*EXERCISE REQUIREMENTS:* Retype every line from the start of the entries below down to the line with "For students only", both ends included; skip the pictures.

*EXTRACTED ENTRIES:*
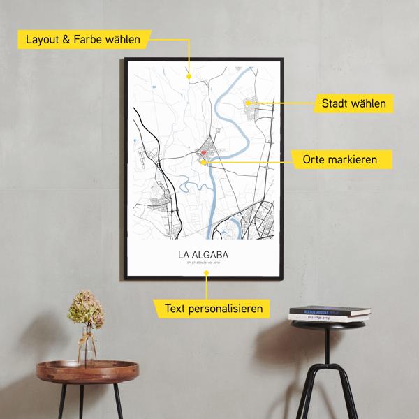 Wähle Farben und Layouts, die perfekt zu dir passen. Ob als klassische Karte in schwarz-weiß oder in modernen Farben. Bei Cartida kannst du ein Design in deinen Lieblingsfarben wählen. Erstelle eine Variante von La Algaba, die perfekt zu dir und deiner Wohnung passt.
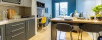 For students only - student ID required. This spacious studio offers a double size bed, bedside table, wardrobe and drawers in a 27m² luxury student room, which also comes with a 32” TV, a desk with desk chair and USB ports, a pin board to keep you organised, and a large tub chair to relax in! Over at the kitchen area, you’ll find a combi oven, 2-ring hob, fridge/freezer and breakfast bar, and across the studio, a new, fully-fitted en-suite with shower. Don’t forget, that as a resident at Crown House, you also enjoy exclusive privileges like access to the fine dining room, private cinema, fitness suite and gaming booths. Get in touch to book now – these rooms are filling up fast!
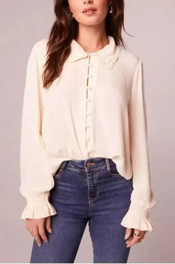 Band of the Free Womens Denise Cream Long Sleeve Button Down Shirt Size Medium This long-sleeve blouse features a ruffle collar design and button-down front, blending timeless elegance with casual comfort for versatile wearability. • Button-Down Closure • Ruffle Collar Detail • Long Sleeves With Elastic Cuffs • Lightweight And Breathable Fabric • Tag Attached For Brand Authenticity Brand: Band of the Free Color: Cream Department: Women Size: Medium Style: Button Up Type: Blouse Features: ruffle, casual, lightweight, breathable, comfy Measurements laying flat approximate: Sleeve: 27 in Length: 29 in Chest(Pit to Pit): 19 in Shoulder to Shoulder: 15 in Ships 1-3 business days after purchase Comes from a pet free/ smoke free environment Please feel free to reach out to me if you have any questions. SKU: 904H-34
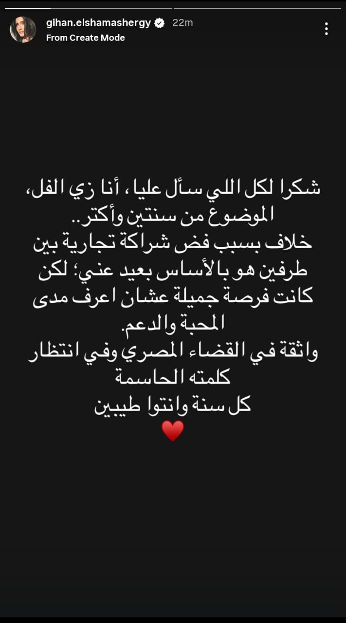 وفي أول تعليق لها بعد هذه الاتهامات، كتبت جيهان الشماشرجي من خلال حسابها الرسمي عبر موقع تبادل الصور والفيديوهات القصيرة إنستجرام، عبر خاصية ستوري: شكرا لكل اللي سأل عليا، أنا زي الفل الموضوع من سنتين وأكثر.. خلاف بسبب فض شراكة تجارية بين طرفين هو بالأساس بعيد عني؛ لكن كانت فرصة جميلة عشان اعرف مدى المحبة والدعم.
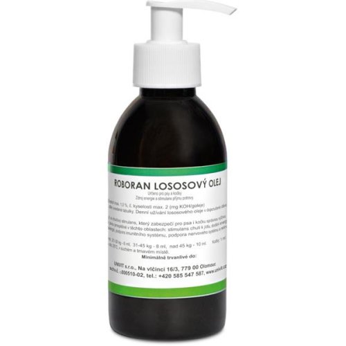 Roboran lososový olej je přírodní produkt s přirozeně vysokým obsahem důležitých nenasycených mastných kyselin, které jsou pro zdraví zvířete nezbytné, avšak organizmus je nedokáže sám vyrobit. Omega 3 nenasycené mastné kyseliny jsou polynenasycené mastné kyseliny obsažené v tuku, ale pouze nenasycené mastné kyseliny pocházející z ryb jsou zdraví prospěšné. Lososový olej je výborným přírodním zdrojem mastných kyselin s jejich vysokou koncentrací: Omega 3 nenasycené mastné kyseliny pocházející z ryb jsou podstatné pro život a dobré zdraví, chrání před chorobami.
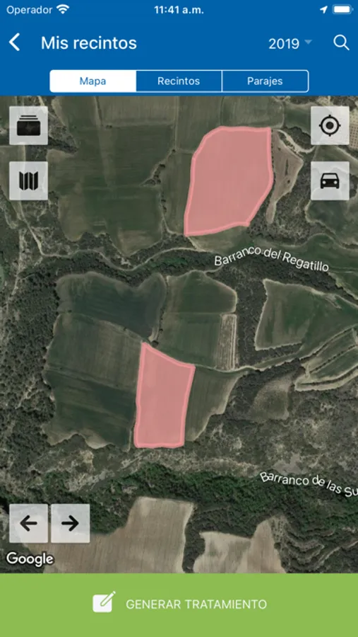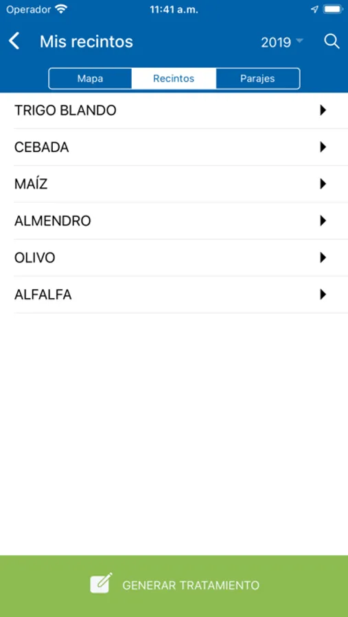 2. Si deseas crear un nuevo tratamiento pulsa en Mis recintos, selecciona los recintos a los que se va a aplicar, y sigue los pasos que indica la app para generar el tratamiento.
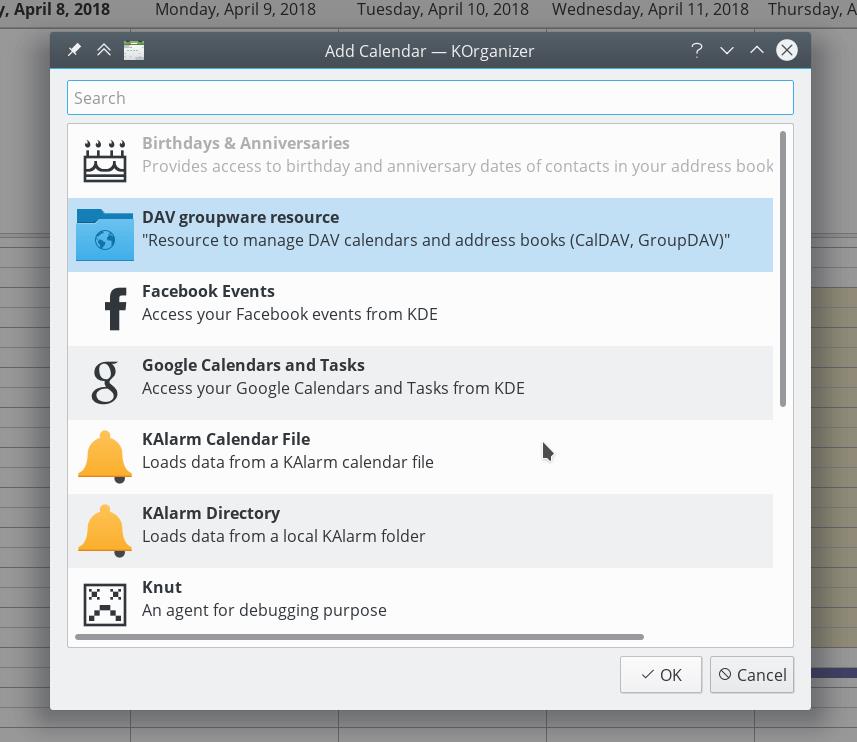- Después de unos segundos a minutos, dependiendo de su conexión a Internet, encontrará sus calendarios y contactos dentro de las aplicaciones KDE Kontact KOrganizer y KAddressBook.
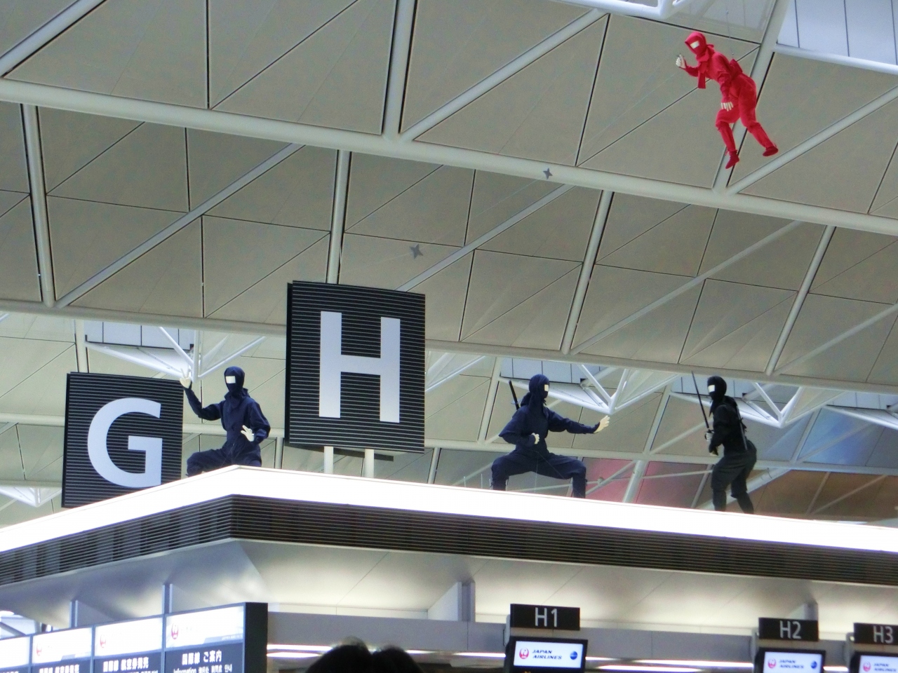 空港内のカウンター上の空きスペースに、忍者などアピールしたいものがディスプレイされていて、なかなか良かったです。- 旅行時期
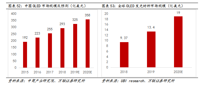 OLED市场规模稳步增长。据中商产业研究院数据显示,随着OLED市场应用的多元化和产业发展的集群化,2019年我国OLED市场规模将达325亿美元,并预计2020年将达到358亿美元。同时,随着OLED市场的大幅增长,OLED发光材料同步增长,预计2019年全球发光材料市场规模将达19亿美元。
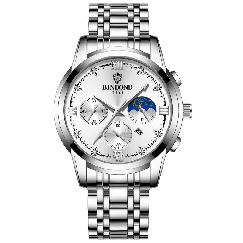 Reloj de Pulsera para Hombre de Acero Inoxidable con Pedrería de Lujo, Diseño OEM ODM, Resistente al Agua, con Fase Lunar Luminosa HD y Calendario, Reloj de Cuarzo
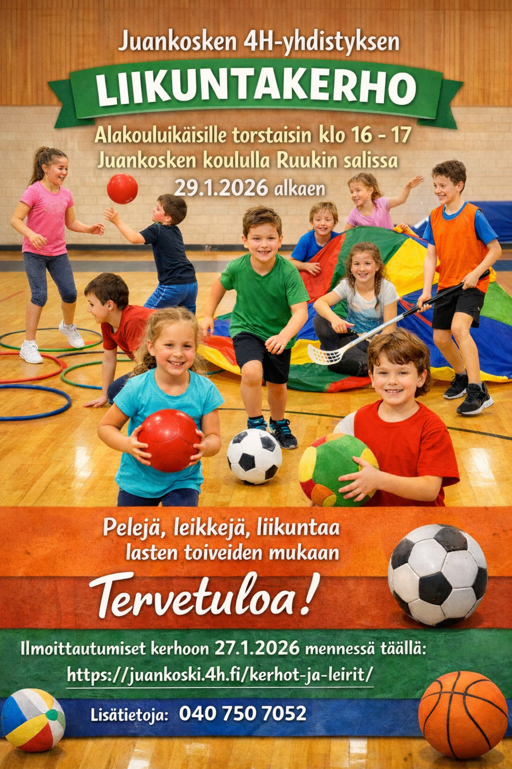 Juankosken 4H-yhdistyksen järjestämä alakouluikäisille (0. – 6. lk) suunnattu liikuntakerho torstaisin 29.1.2026 alkaen klo 16 – 17 Juankosken koululla, Ruukin salissa. Kerhossa pelataan erilaisia pallopelejä, leikitään ja liikutaan lasten toiveiden mukaan.
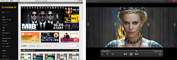 ハリウッドの新作映画や、海外のテレビドラマ、アニメ、バラエティなど、約3000作品からサービスを開始し、タイトル数は順次拡大していく。配信映像の再生には、「TSUTAYA TV」公式サイトで配布している専用のアプリケーションが必要。専用アプリケーションの対応OSは、Windows 7以降。
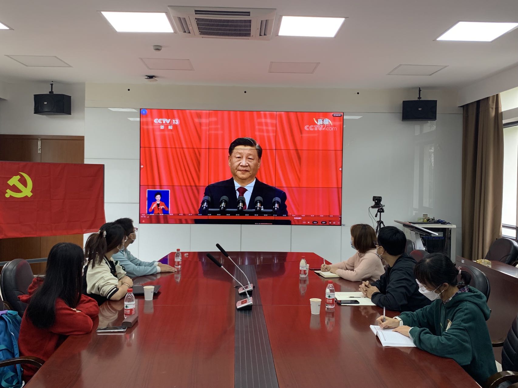 龙8-long8(头号玩家)国际唯一官方网站组织师生代表于学院楼240会议室集中收看党的二十大开幕会,各党团支部等也纷纷通过电视、广播、网络等多样化的方式组织师生进行收看收听,学院广大师生对党的二十大胜利召开倍感欢欣鼓舞,认真学习党的二十大报告并展开了热烈讨论。

*TASK OUTPUT:*
 Wähle Farben und Layouts, die perfekt zu dir passen. Ob als klassische Karte in schwarz-weiß oder in modernen Farben. Bei Cartida kannst du ein Design in deinen Lieblingsfarben wählen. Erstelle eine Variante von La Algaba, die perfekt zu dir und deiner Wohnung passt.
 For students only - student ID required. This spacious studio offers a double size bed, bedside table, wardrobe and drawers in a 27m² luxury student room, which also comes with a 32” TV, a desk with desk chair and USB ports, a pin board to keep you organised, and a large tub chair to relax in! Over at the kitchen area, you’ll find a combi oven, 2-ring hob, fridge/freezer and breakfast bar, and across the studio, a new, fully-fitted en-suite with shower. Don’t forget, that as a resident at Crown House, you also enjoy exclusive privileges like access to the fine dining room, private cinema, fitness suite and gaming booths. Get in touch to book now – these rooms are filling up fast!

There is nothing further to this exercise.